_Problem_
Pictures in the data should be dropped; transcribe exactly the lines from the one that has "Salondan bir görüntü" through the one that has "per a Barcelona.".
(Beginning of Provided data)
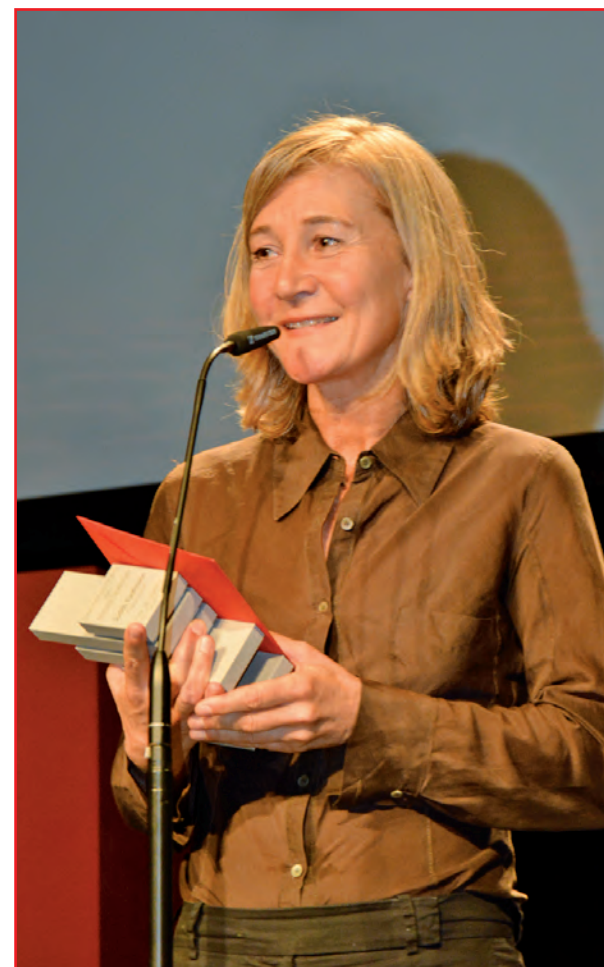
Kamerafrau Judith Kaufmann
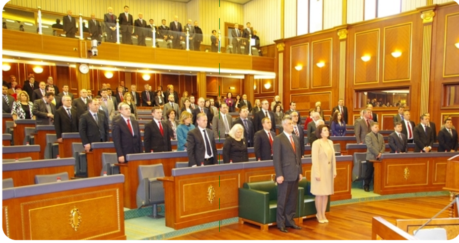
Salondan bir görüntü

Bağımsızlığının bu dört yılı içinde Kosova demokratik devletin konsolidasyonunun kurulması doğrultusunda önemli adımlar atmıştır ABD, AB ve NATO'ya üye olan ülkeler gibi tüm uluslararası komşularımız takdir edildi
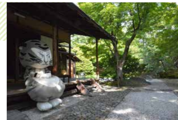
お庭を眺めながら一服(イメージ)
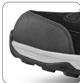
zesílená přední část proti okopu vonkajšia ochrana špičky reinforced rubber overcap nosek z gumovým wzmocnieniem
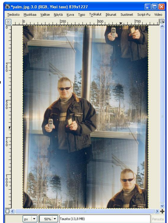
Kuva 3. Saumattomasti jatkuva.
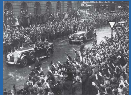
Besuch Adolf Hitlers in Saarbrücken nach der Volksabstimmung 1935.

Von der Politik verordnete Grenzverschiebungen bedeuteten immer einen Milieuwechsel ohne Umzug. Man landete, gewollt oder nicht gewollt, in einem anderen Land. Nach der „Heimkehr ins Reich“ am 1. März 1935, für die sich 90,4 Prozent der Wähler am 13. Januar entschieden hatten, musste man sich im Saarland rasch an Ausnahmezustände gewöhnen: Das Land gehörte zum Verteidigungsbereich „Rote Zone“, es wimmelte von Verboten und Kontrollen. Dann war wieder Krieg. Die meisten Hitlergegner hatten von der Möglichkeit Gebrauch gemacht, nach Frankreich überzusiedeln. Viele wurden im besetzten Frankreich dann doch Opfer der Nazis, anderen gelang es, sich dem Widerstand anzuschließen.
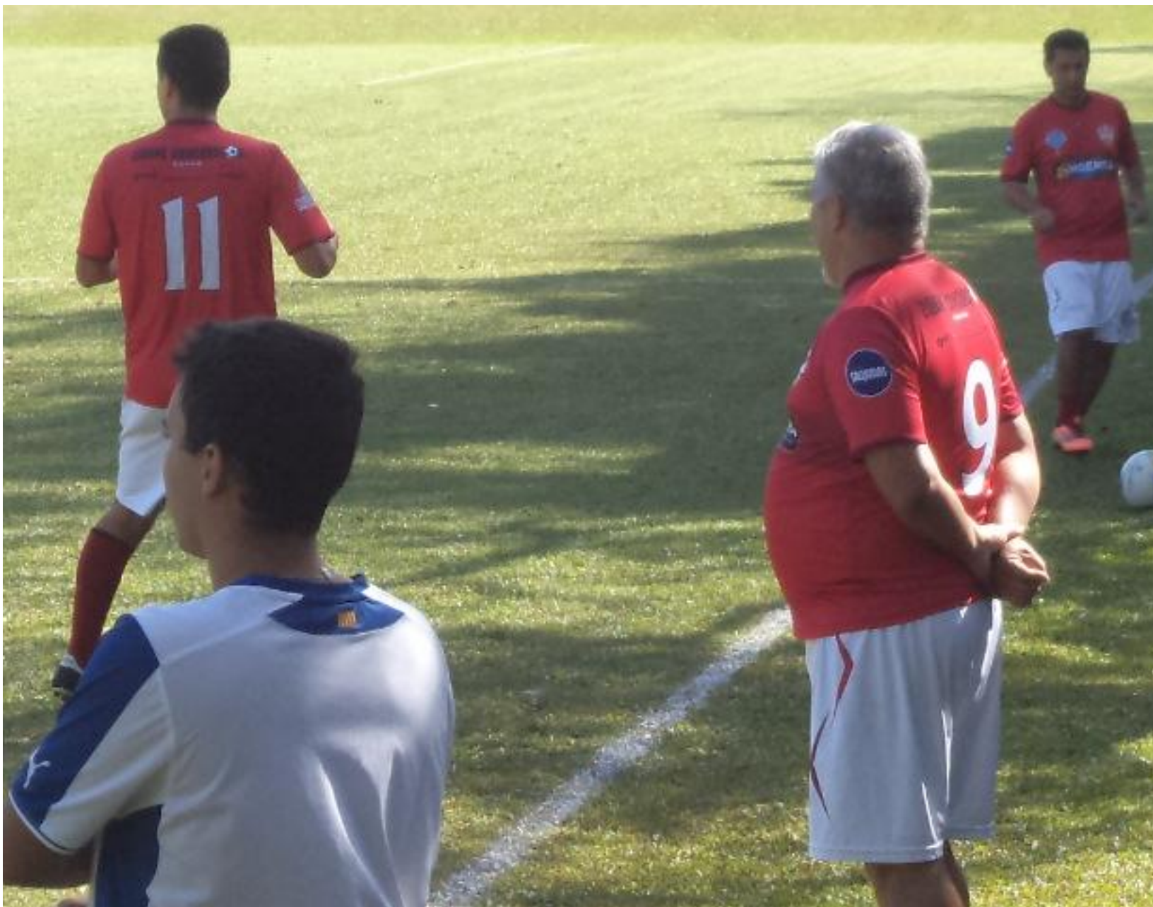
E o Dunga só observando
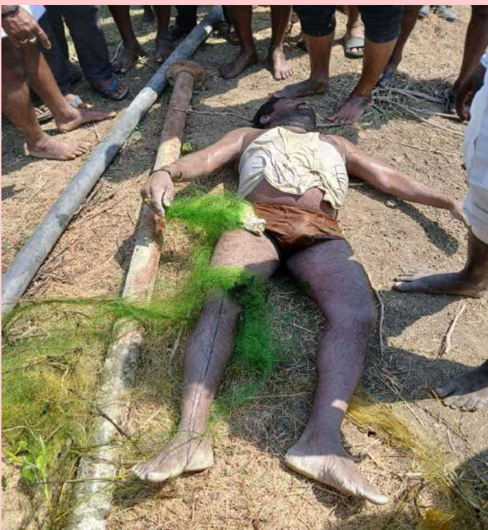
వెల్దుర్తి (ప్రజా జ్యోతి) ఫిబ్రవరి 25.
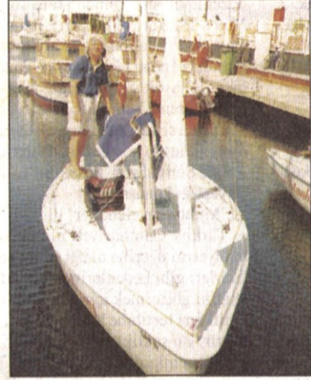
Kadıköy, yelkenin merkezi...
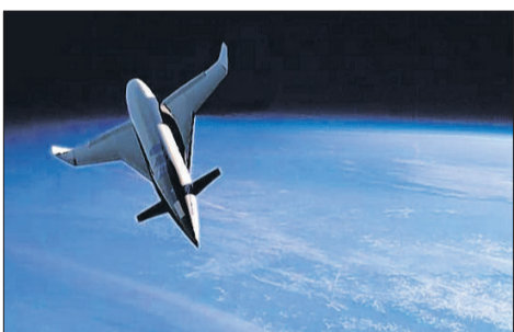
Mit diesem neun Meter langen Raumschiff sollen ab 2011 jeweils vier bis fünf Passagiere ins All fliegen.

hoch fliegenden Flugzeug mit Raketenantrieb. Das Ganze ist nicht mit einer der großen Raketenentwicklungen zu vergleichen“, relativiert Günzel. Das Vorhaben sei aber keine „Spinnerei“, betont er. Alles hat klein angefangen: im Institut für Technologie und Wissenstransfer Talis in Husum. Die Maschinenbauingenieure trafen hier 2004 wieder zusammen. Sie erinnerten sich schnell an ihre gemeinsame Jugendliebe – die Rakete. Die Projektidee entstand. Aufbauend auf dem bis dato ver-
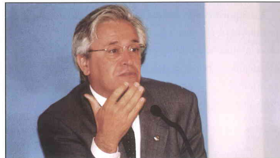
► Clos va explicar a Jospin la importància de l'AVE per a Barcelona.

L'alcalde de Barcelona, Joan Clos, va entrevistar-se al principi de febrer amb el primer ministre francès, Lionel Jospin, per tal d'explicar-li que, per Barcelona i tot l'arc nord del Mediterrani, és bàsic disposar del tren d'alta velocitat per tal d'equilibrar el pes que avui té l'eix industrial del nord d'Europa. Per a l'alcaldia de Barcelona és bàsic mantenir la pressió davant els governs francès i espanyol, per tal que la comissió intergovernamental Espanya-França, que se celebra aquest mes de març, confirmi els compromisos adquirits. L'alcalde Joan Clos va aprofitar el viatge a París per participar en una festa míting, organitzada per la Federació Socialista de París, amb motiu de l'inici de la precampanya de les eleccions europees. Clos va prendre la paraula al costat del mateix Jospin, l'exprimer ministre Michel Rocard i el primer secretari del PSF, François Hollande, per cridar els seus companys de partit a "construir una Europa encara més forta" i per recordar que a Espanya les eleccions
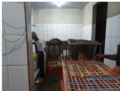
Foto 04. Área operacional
(End of Provided data)
_Solved problem_
Salondan bir görüntü

Bağımsızlığının bu dört yılı içinde Kosova demokratik devletin konsolidasyonunun kurulması doğrultusunda önemli adımlar atmıştır ABD, AB ve NATO'ya üye olan ülkeler gibi tüm uluslararası komşularımız takdir edildi
お庭を眺めながら一服(イメージ)
zesílená přední část proti okopu vonkajšia ochrana špičky reinforced rubber overcap nosek z gumovým wzmocnieniem
Kuva 3. Saumattomasti jatkuva.
Besuch Adolf Hitlers in Saarbrücken nach der Volksabstimmung 1935.

Von der Politik verordnete Grenzverschiebungen bedeuteten immer einen Milieuwechsel ohne Umzug. Man landete, gewollt oder nicht gewollt, in einem anderen Land. Nach der „Heimkehr ins Reich“ am 1. März 1935, für die sich 90,4 Prozent der Wähler am 13. Januar entschieden hatten, musste man sich im Saarland rasch an Ausnahmezustände gewöhnen: Das Land gehörte zum Verteidigungsbereich „Rote Zone“, es wimmelte von Verboten und Kontrollen. Dann war wieder Krieg. Die meisten Hitlergegner hatten von der Möglichkeit Gebrauch gemacht, nach Frankreich überzusiedeln. Viele wurden im besetzten Frankreich dann doch Opfer der Nazis, anderen gelang es, sich dem Widerstand anzuschließen.
E o Dunga só observando
వెల్దుర్తి (ప్రజా జ్యోతి) ఫిబ్రవరి 25.
Kadıköy, yelkenin merkezi...
Mit diesem neun Meter langen Raumschiff sollen ab 2011 jeweils vier bis fünf Passagiere ins All fliegen.

hoch fliegenden Flugzeug mit Raketenantrieb. Das Ganze ist nicht mit einer der großen Raketenentwicklungen zu vergleichen“, relativiert Günzel. Das Vorhaben sei aber keine „Spinnerei“, betont er. Alles hat klein angefangen: im Institut für Technologie und Wissenstransfer Talis in Husum. Die Maschinenbauingenieure trafen hier 2004 wieder zusammen. Sie erinnerten sich schnell an ihre gemeinsame Jugendliebe – die Rakete. Die Projektidee entstand. Aufbauend auf dem bis dato ver-
► Clos va explicar a Jospin la importància de l'AVE per a Barcelona.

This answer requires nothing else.